Following the Federal Government’s plan to extend the fuel subsidy regime by 18 months, the International Monetary Fund (IMF) has said Nigeria will likely depend on overdrafts from the Central Bank of Nigeria (CBN) to fund its proposed N2.55tn petrol subsidy bill.
The IMF said this in its ‘Nigeria: Selected Issues Paper’ report, which was prepared by a staff team of the Fund as background documentation for its periodic consultation with Nigeria.
According to the report, fuel subsidy negatively affects the country’s fiscal position, increasing fiscal deficit.
The Washington-based lender said: “Implicit fuel subsidies have a significant negative impact on Nigeria’s fiscal position, which is estimated to increase the overall fiscal deficit by around one percentage point of the Gross Domestic Product in 2021.
“Despite much higher oil prices, the general government fiscal deficit is projected to be significantly worse at 6.3 per cent of the GDP, compared to 4.7 per cent of GDP in the 2020 Article IV staff report, mainly reflecting the reemergence of implicit fuel subsidies and higher spending in the supplementary budget for security and vaccine costs.”
It further stressed that the government would likely depend hugely on domestic financing sources, which include borrowing from the CBN, adding fuel subsidy has been a substantial burden on the country.
“Even though we assume that implicit fuel subsidies exist only until mid-2022, as stipulated in the Petroleum Industry Act and assumed in the draft 2022 budget, fiscal vulnerabilities remain elevated with public debt continuously increasing from 35 per cent of the GDP in 2020 to over 42 per cent in 2026.
“With limited IFI funding, fiscal financing for large implicit subsidy costs is likely to depend heavily on domestic sources, including overdrafts from the Central Bank of Nigeria. Thus, the recent re-emergence of implicit fuel subsidies has levied a considerable burden on the Nigeria’s fiscal position, that could have been spent more effectively on pro-poor interventions,” the report read.
Meanwhile, the World Bank had warned the Federal Government against financing its deficits by borrowing from the CBN through the Ways and Means Advances, stressing that it puts fiscal pressures on the country’s expenditures.
According to the bank, central bank financing and fuel subsidy regime tend to adversely affect investments in human and physical capital.
The Federal Government’s total borrowing from the CBN through Ways and Means Advances had ballooned by 2,286 per cent to N15.51tn in six years, according to the central bank data.
The N15.51tn owed by the Federal Government to the central bank is not part of the country’s total public debt stock, which stood at N38tn as of September 2021.

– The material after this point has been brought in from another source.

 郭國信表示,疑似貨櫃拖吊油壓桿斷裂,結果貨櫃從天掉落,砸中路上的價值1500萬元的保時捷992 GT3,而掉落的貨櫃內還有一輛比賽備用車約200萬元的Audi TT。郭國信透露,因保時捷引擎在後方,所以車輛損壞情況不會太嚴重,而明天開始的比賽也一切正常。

However, the Debt Management Office (DMO) said that it was working out a process of restructuring the overdrafts of the CBN for government financing to a long-term tenored debt.
Meanwhile, interest payments on Federal Government’s borrowing from the CBN through Ways and Means Advances had reportedly gulped N2.03tn in two years.

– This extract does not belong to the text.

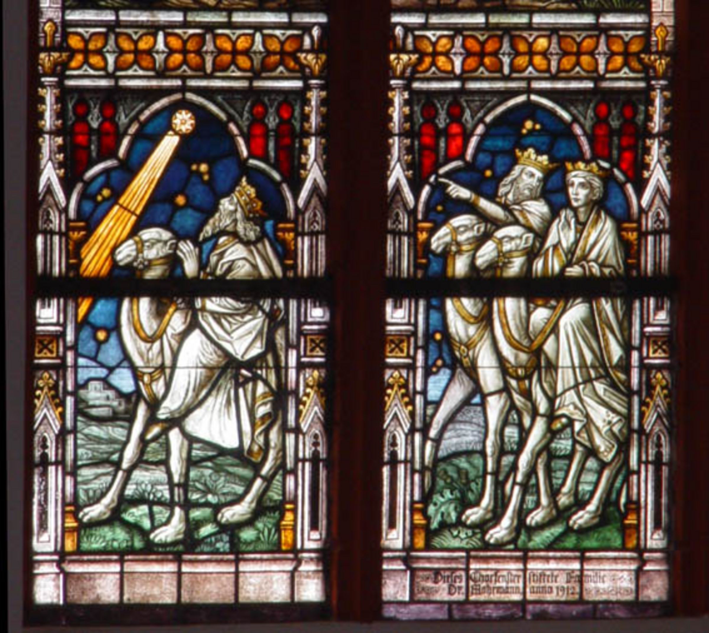 Das Fenster im Chorscheitel zeichnet sich durch eine zusätzliche Szene im unteren Bereich aus, dort, wo auf den anderen beiden Bildern unter reichen Wimpergen Vorhänge drapiert sind. Dargestellt ist der Weg der Heiligen Drei Könige, die dem Schweifstern am Firmament folgen. Voran der älteste, gefolgt von den beiden jüngeren auf ihren behäbigen Wüstenschiffen. (vgl. auch Heilige Drei Könige Altefähr) Die Könige und ihre Reittiere sind in Grisailletechnik, in Graumalerei, wiedergegeben. Nur Kronen, Gewandsäume und das Zaumzeug der Kamele heben sich golden ab. Links unten befindet sich die Inschrift „Dieses Fenster stiftete Familie Dr. Mohrmann, anno 1912“.

Also, in the monetary policy category of the CBN’s Frequently Asked Questions page on its website, it was disclosed that the Federal Government’s borrowing from the apex bank through its Means and Ways Advances could have adverse effects on the bank’s monetary policy to the detriment of domestic prices and exchange rates.
Meanwhile, the IMF further encouraged the government to remove fuel subsidy, stating that it would reduce income inequality.
The report further read in part, “Analysis shows that removing fuel subsidies would reduce income inequality. A fuel price increase to cost-recovery level would reduce households’ purchasing power, which calls for a distributional analysis of the impact by income groups, especially for poor households. Richer households tend to spend a larger share of their income on PMS than poorer households, while the share of kerosene expenditure is lower in richer households (above 80th income percentile). The price of kerosene—a cooking/heating fuel used mainly by poorer households—is higher than the subsidised price of PMS, which implies that the existing implicit fuel subsidy is ‘regressive’.
“Empirical studies have also supported that fuel subsidy is inequitable, finding that it is an extremely costly approach to helping the poor, with the top income quintile typically capturing six times more in subsidies than the bottom. Not surprisingly, the removal of fuel subsidies is therefore progressive.”
The Fund pointed out that there would be adverse impact on the poor if fuel subsidy was removed, but noted that the impact could be mitigated with a fraction of the fiscal resources used spent on the fuel subsidy.